Fig. 1 Multispectral image acquisition system.

Download Full Size | PDF

3. Selection of spectral bands

The number of samples in medical diagnosis is usually small and fortunately the number of melanoma lesions is usually much lower than the number of benign lesions. However the input dimensionality may be higher. Therefore, it becomes necessary to apply a band selection method able to deal with these characteristics: a high dimensionality two class problem with imbalance and datasets with few samples.
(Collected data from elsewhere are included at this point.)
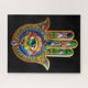 Colorful Flower Petals Turquoise Third Eye Hamsa Jigsaw Puzzle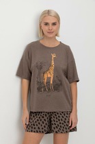 Пижама для дома из хлопкового трикотажного полотна с карбоном. Джемпер с длинным втачным рукавом. Застёжка на пуговицы, воротник с лацканами. По переду накладной карман, нашивка. Боковые разрезы. Брюки прямые, цельнокроенный пояс на внутренней резинке.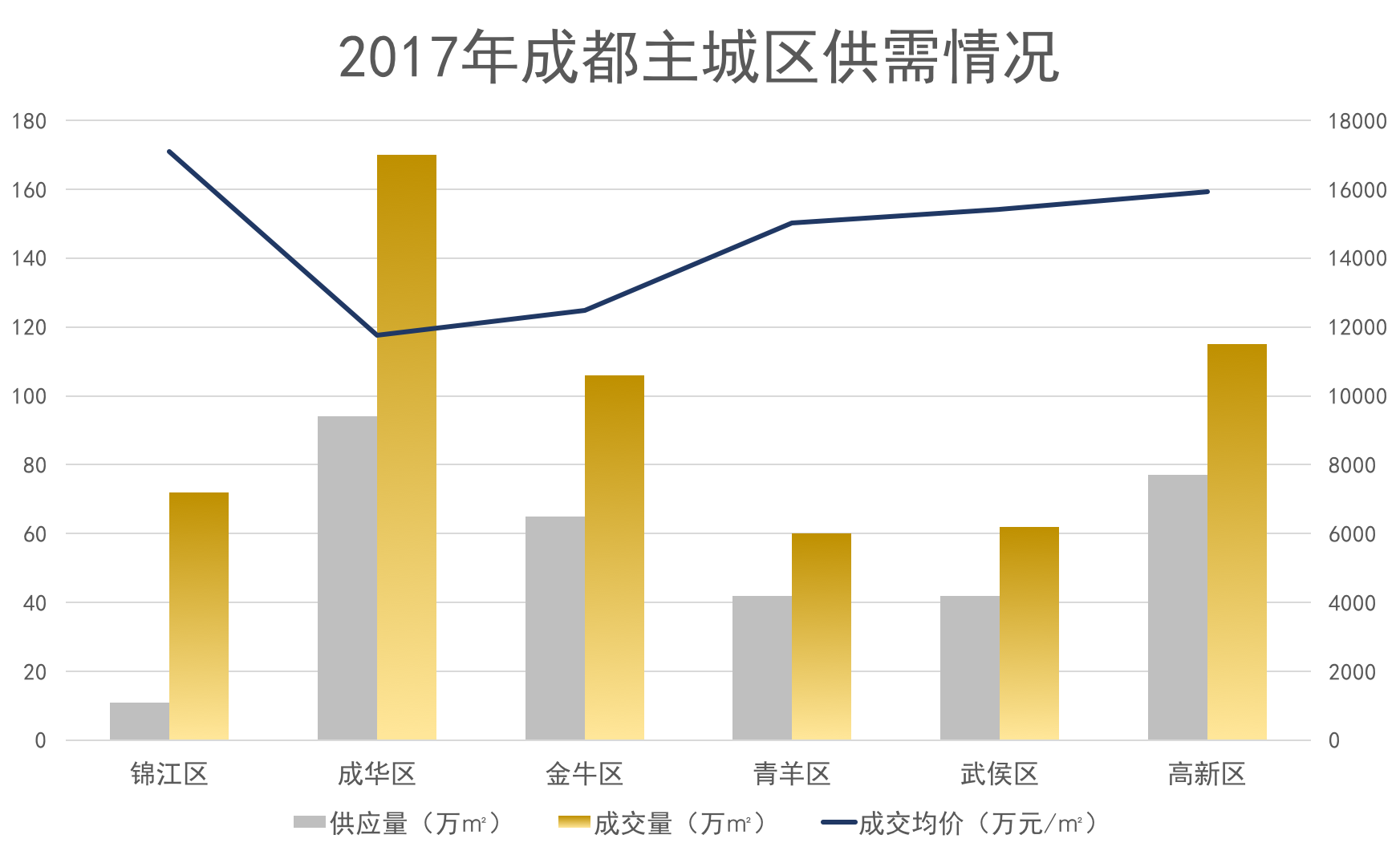 在此情況下,2017年成都房地產(chǎn)市場(chǎng)供銷數(shù)據(jù)全線下跌,總體供應(yīng)量均創(chuàng)下近年來新低。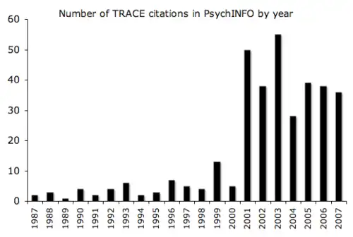 "TRACE was the first model that instantiated the activation of multiple word candidates that match any part of the speech input."[4] A simulation of speech perception involves presenting the TRACE computer program with mock speech input, running the program, and generating a result. A successful simulation indicates that the result is found to be meaningfully similar to how people process speech.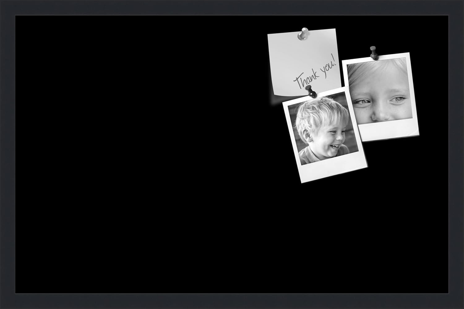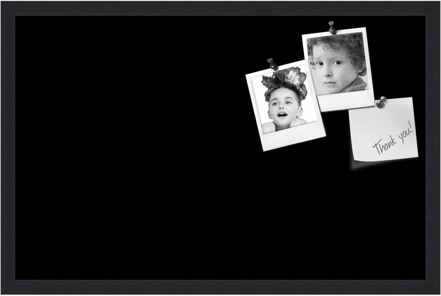 PinPix 28x18 Inch Cork Bulletin Board. This Decorative Framed Pin Board Comes with Solid Black Design and a Satin Black Frame. Ideal for Home Office Decor or Message Board (PinPix-622)
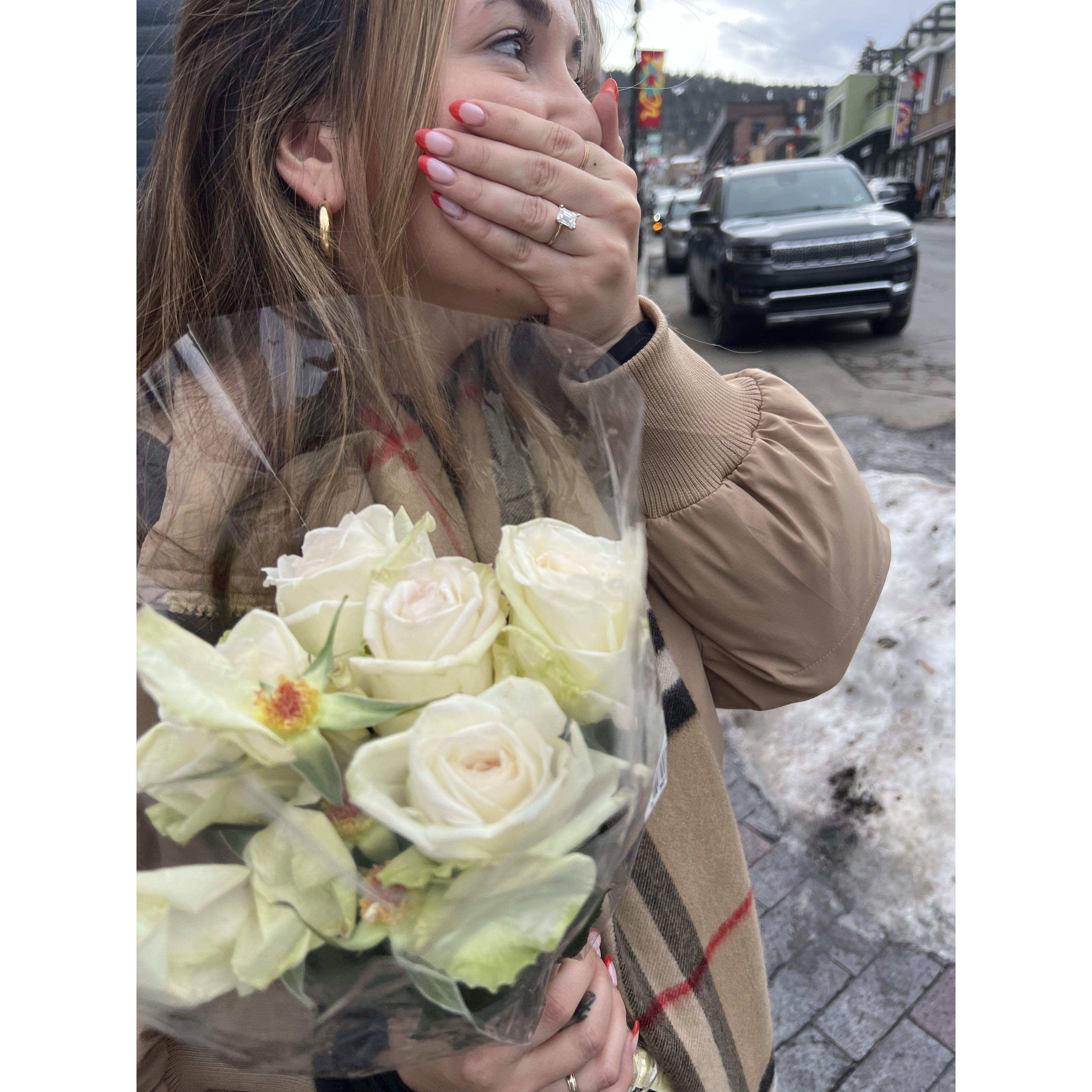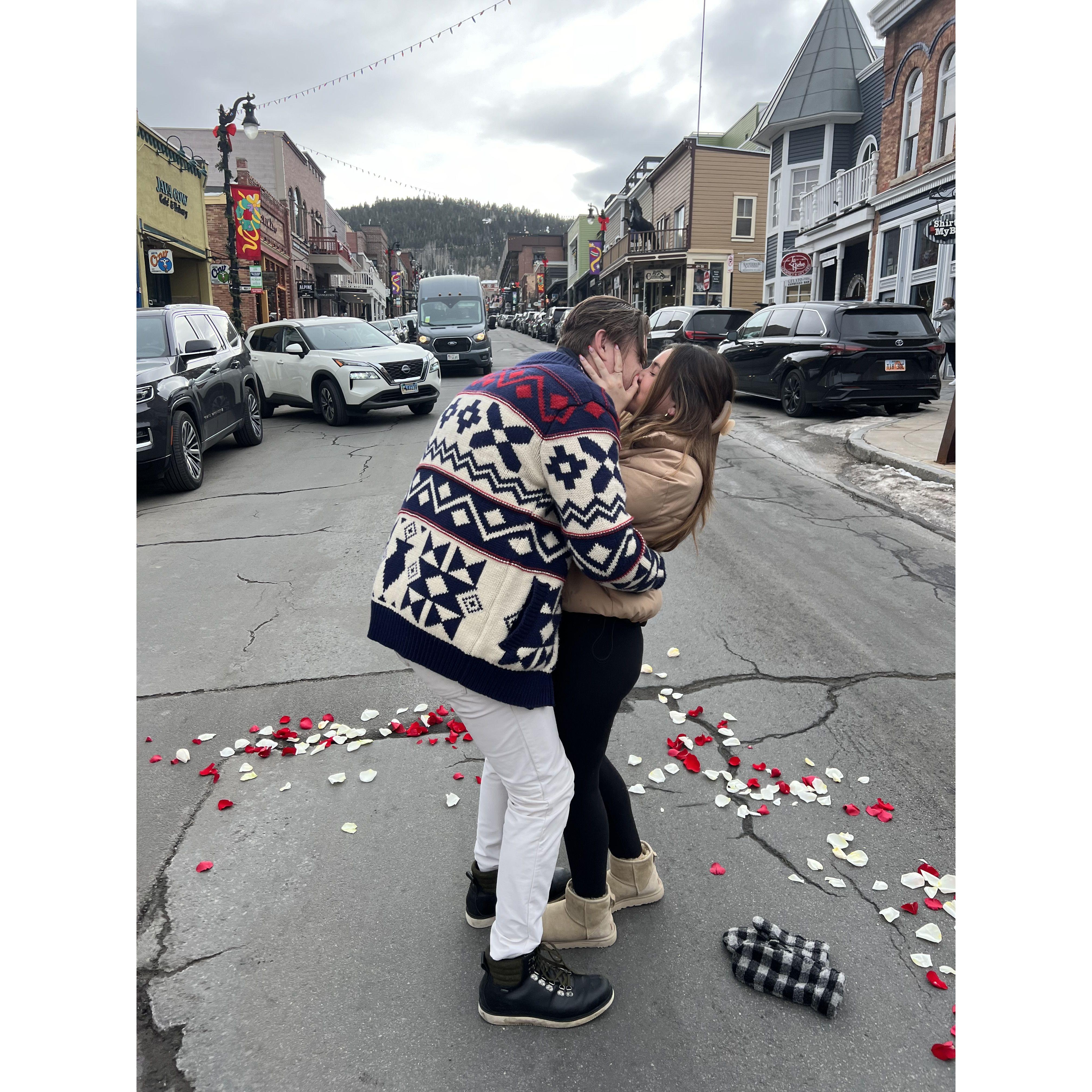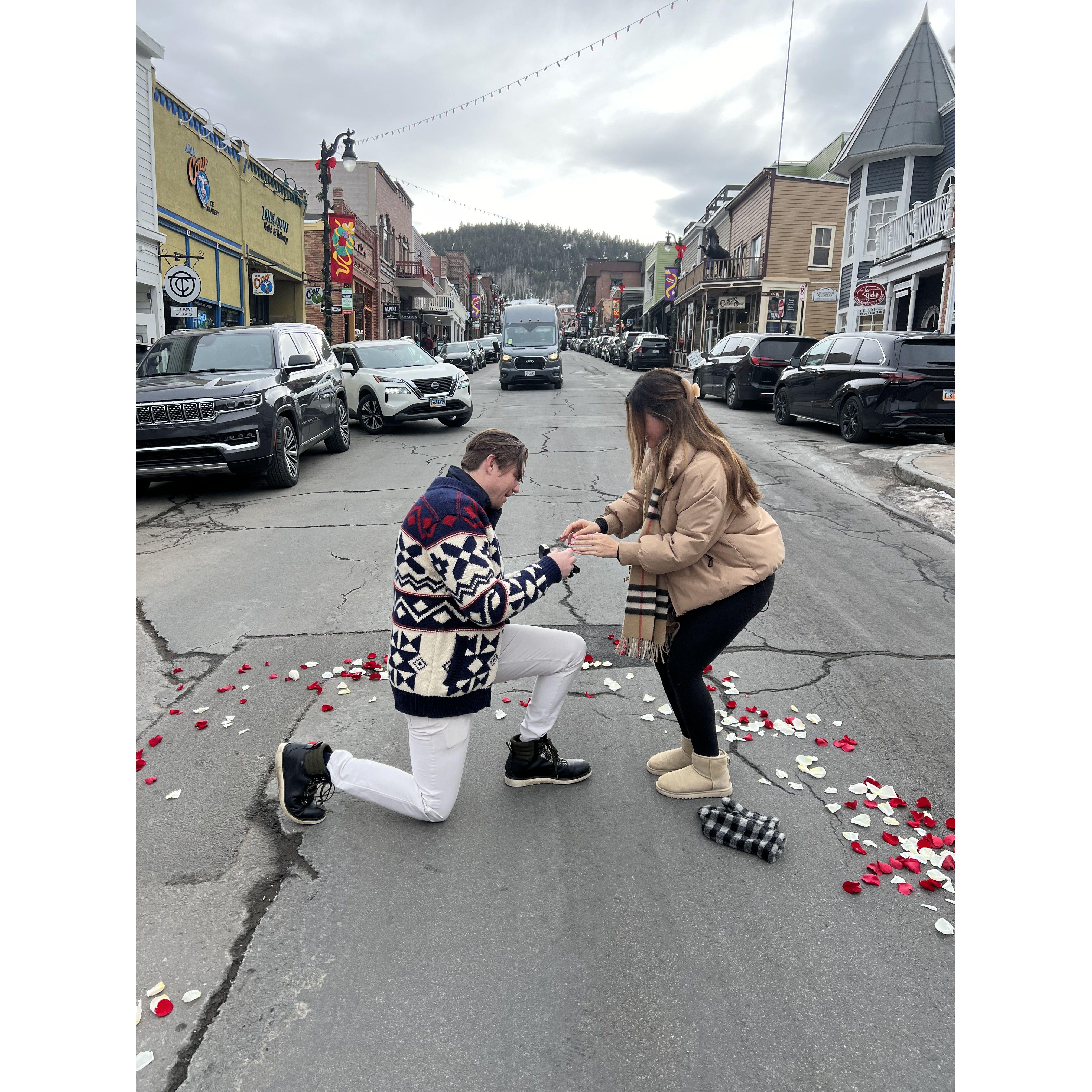 On December 30, 2023, he pulled me into the middle of Main Street, tossed some flower petals, and got down on one knee. It was the most special day. ❤️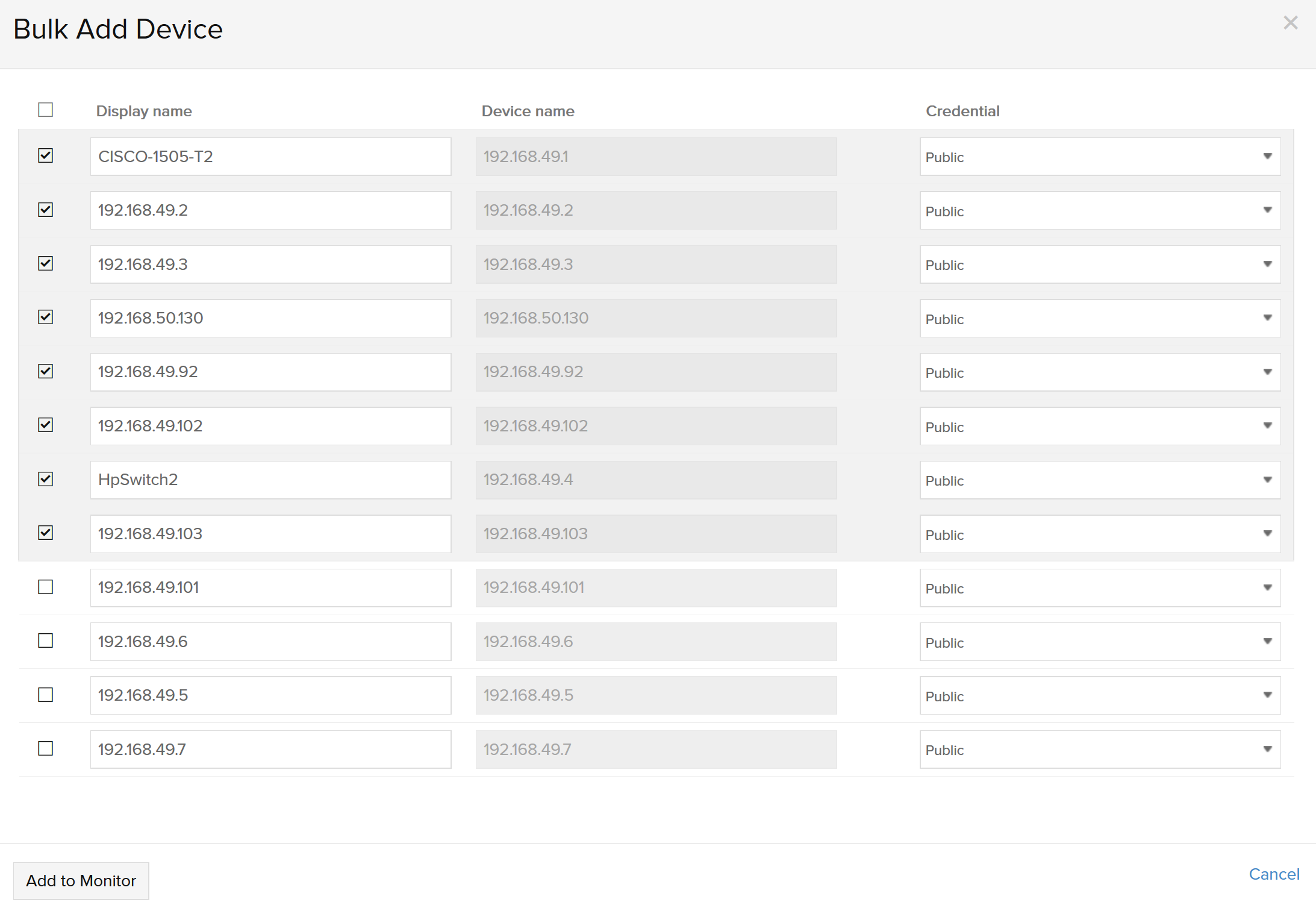 发现地图后,您可以添加不监控的设备以直接从地图进行监控。选择正确的凭证,提供正确的显示名称,然后开始监控。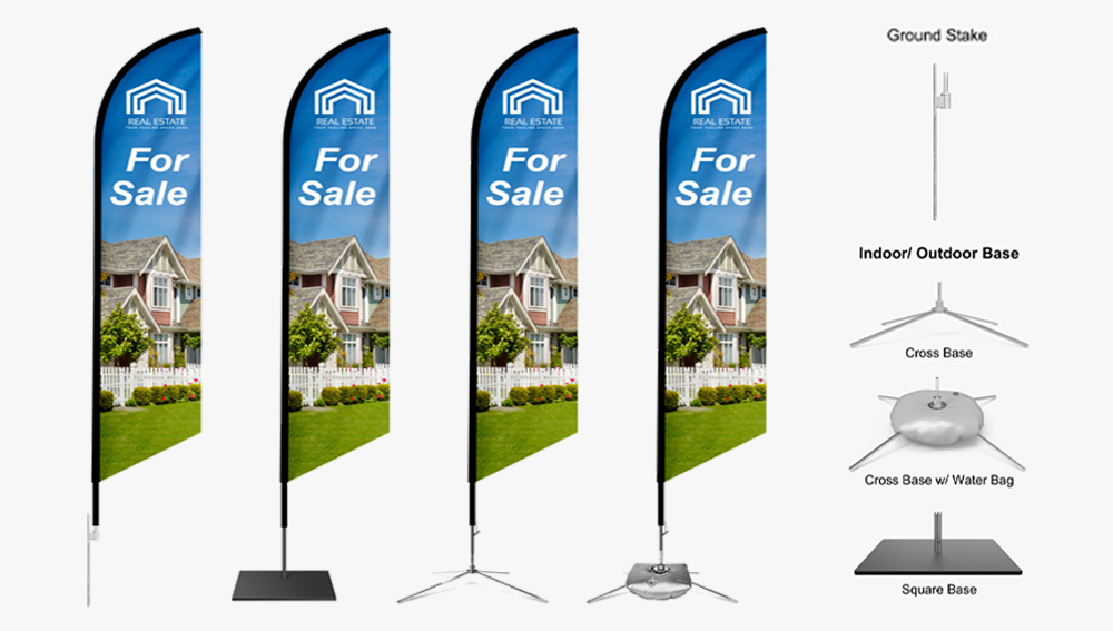 The standard ground stake can be used to install in soft ground, while the cross base or square base are heavy duty for hard surface staging. The optional carry bag is great for when you plan to travel with or store your flag.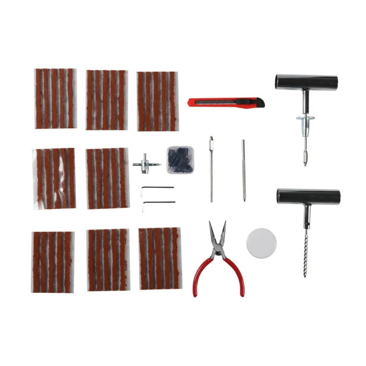 1. Comprehensive equipment: Contains various tools and accessories needed to repair tires, such as rubber strips, tire repair tools, air valve cores, air valve core tools, etc., which can cope with different types of tire damage.

Feature selection methods can be divided into three main groups:wrapper, filter, and embedded methods [14]. Filter methods use a selection criterion that is independent of the classification strategy. Wrapper methods select the features taking into account the result given by a classification strategy. Embedded techniques are defined for a specific classification method. Filter methods are usually based on statistical measures like correlation and mutual information [15] and they usually work poorly when considering small datasets. On the other hand, wrapper methods are computationally expensive because they validate feature selection using the classification method selected. In this problem of few samples, classification execution time is low, therefore a wrapper method is a good option. In wrapper methods, the generation of the feature subsets can be considered as a combinatorial search problem. The most popular solutions are forward, backward and floating sequential schemes, which provide a sub-optimal solution.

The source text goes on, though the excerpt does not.